SOLDOTNA (AP) -- Some 200 people were hard at work Friday, catching red salmon bound for the Kasilof River in the upper Cook Inlet's only remaining personal use gillnet fishery.
The fishery is an 18-year tradition that provides roughly 40,000 red salmon annually for hundreds of families. But it's on the brink of change, and perhaps elimination because of habitat damage.
So many four-wheelers, motorcycles and four-wheel-drive vehicles have cut fresh trails in the delicate grasslands of the Kasilof's flood plain that the future of the fishery is in jeopardy, officials said.
Signs posted this week tell people to stay off the growing spiderweb of roads and instruct drivers instead to throw their vehicles into low gear and grind through soft beach sand to reach their favorite fishing spot.
The new rules don't sit well with many fishermen.
''They can't do that! These roads have been here a thousand years!'' said Al Priest of Kasilof as he and a friend pounded stakes and laid rope in preparation for Friday's opener.
He and others said they would continue to drive the main sandy track across the grassland to reach their beach sites. Campers and two-wheel-drive vehicles would get mired driving the beach, they said.
The mood among people who've fished the Kasilof for years was a little jumpy Thursday, and many resented being placed in a position where they could get ticketed for taking part in a state-sanctioned fishery.
The state Department of Fish and Game created the fishery and expanded it several years ago, biologist Jeff Fox said.
The agency feels responsible for minimizing any resulting property damage, especially since it's occurring on someone else's land, he said.
The grassy dunes protect the river's mouth and represent some important fish habitat. If too much grass is lost, then the dunes could be washed out by a strong winter storm, Fox said.
The grassy estuary has several owners: the state Mental Health Land Trust, the Department of Natural Resources and a few individuals. While the state generally allows public access across its lands, it draws the line when important habitat and property values are at stake.
''We don't close Trust land to general use like this unless there's a reason,'' said Steve Planchon, the Trust's executive director.
The Trust tolerated people using one of the older existing sand roads through the grasslands last summer, Planchon told the Anchorage Daily News.
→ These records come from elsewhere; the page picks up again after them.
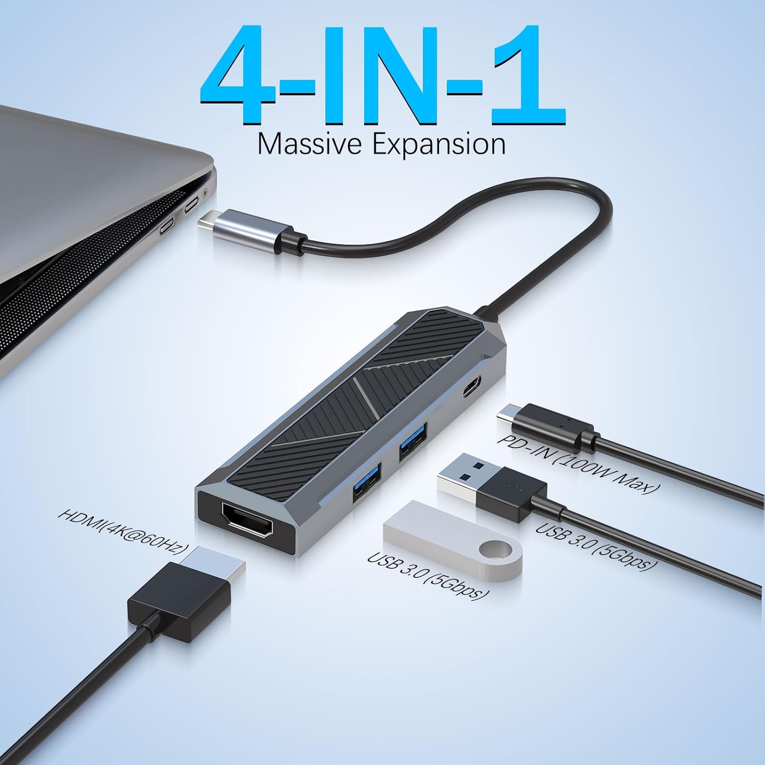 具有 4K 60Hz HDMI 分配器的 4 合 1 USB-C 集线器 – 适用于现代设备的紧凑连接
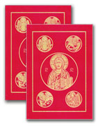 of the Lectionary are 7-5/8 x 10- 7/8 in size. Both are smyth sewn and are hardbound.
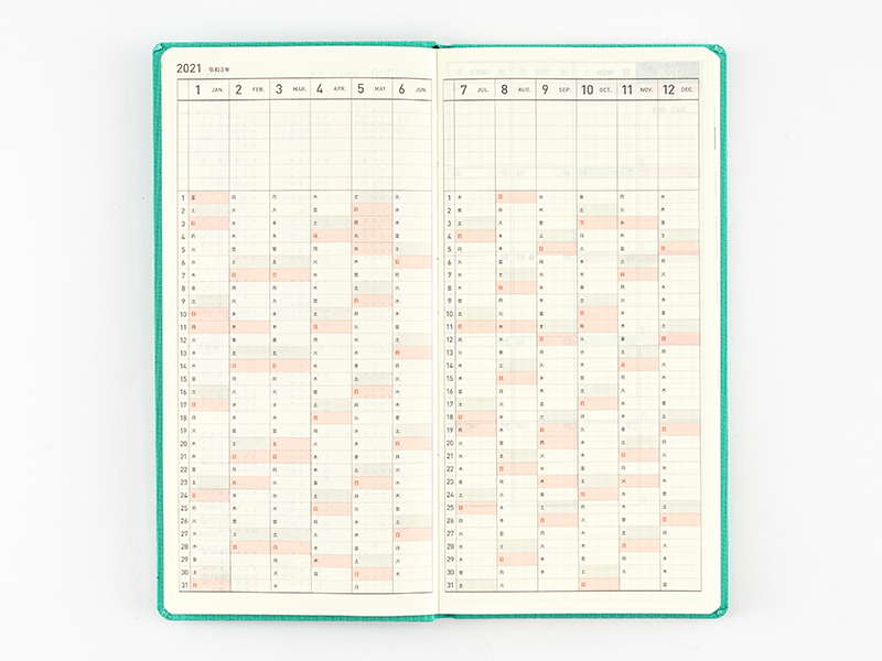 1年分を見開きで一覧できる、長期的な予定管理のページです。ページの上部に7ライン分の自由なスペースを設けました。<掲載期間>1月はじまり版:2021年1月~2021年12月4月はじまり版:2021年4月~2022年3月
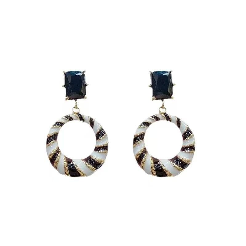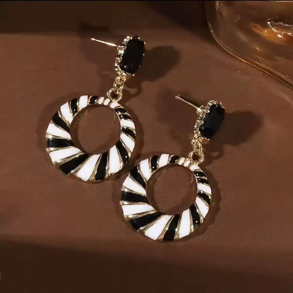 ต่างหูห่วงลายทางเรขาคณิตสไตล์วินเทจ ประดับขอบด้วยทังสเตน ชุบทอง 18K สำหรับผู้หญิงใส่ได้ทุกวัน
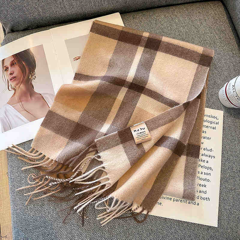 100%羊毛围巾女冬2024新款格子保暖高级感围脖男情侣披肩生日礼物

Aerial photos comparing last year with this summer showed a widening network of roads and trails cutting through the greenery.
So they've ordered no driving or camping on the grass, period.
People who fish the beach appear well aware of the state's concern.
Many share it.
They blame much of the damage on children playing on four-wheelers and motorcycles while their parents tend fish sites. Some campers said they made a point of leaving their off-road vehicles at home this year.
''People are being a lot more respectful of this because they're afraid of losing it,'' said Lee Sterner, who divides his time between Kenai and Anchorage.
This fishery may last only a week or so, making campers wonder what damage they could do. But it's followed by the more popular dipnet fishery July 10 through Aug. 5.
The site also serves as an occasional summer party spot for underage drinkers.